WORK TO BE COMPLETED:
Leave the pictures out. Retype exactly the lines below from the one containing "Nature, life, and" through the one containing "Где в УТ 11", and no others.

SUPPLIED DATA:
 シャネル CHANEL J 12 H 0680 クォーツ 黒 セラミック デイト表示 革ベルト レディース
...
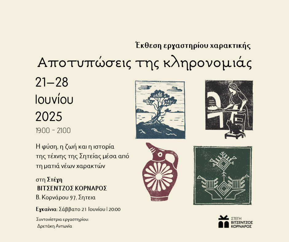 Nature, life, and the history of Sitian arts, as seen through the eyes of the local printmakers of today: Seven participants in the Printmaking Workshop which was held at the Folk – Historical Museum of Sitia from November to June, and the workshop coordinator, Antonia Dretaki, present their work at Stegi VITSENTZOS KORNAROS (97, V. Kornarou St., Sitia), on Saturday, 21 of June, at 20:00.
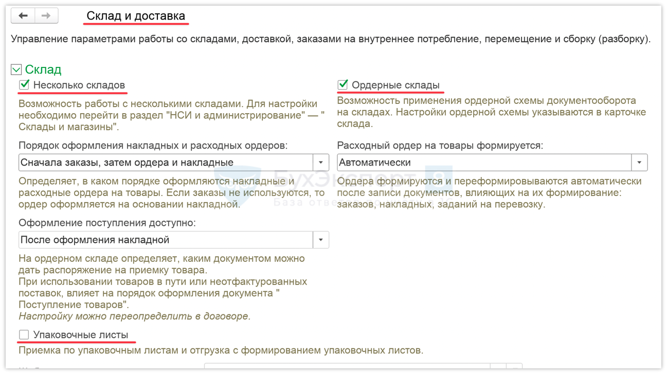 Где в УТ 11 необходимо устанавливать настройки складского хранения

ANSWER BELOW:
 Nature, life, and the history of Sitian arts, as seen through the eyes of the local printmakers of today: Seven participants in the Printmaking Workshop which was held at the Folk – Historical Museum of Sitia from November to June, and the workshop coordinator, Antonia Dretaki, present their work at Stegi VITSENTZOS KORNAROS (97, V. Kornarou St., Sitia), on Saturday, 21 of June, at 20:00.
 Где в УТ 11 необходимо устанавливать настройки складского хранения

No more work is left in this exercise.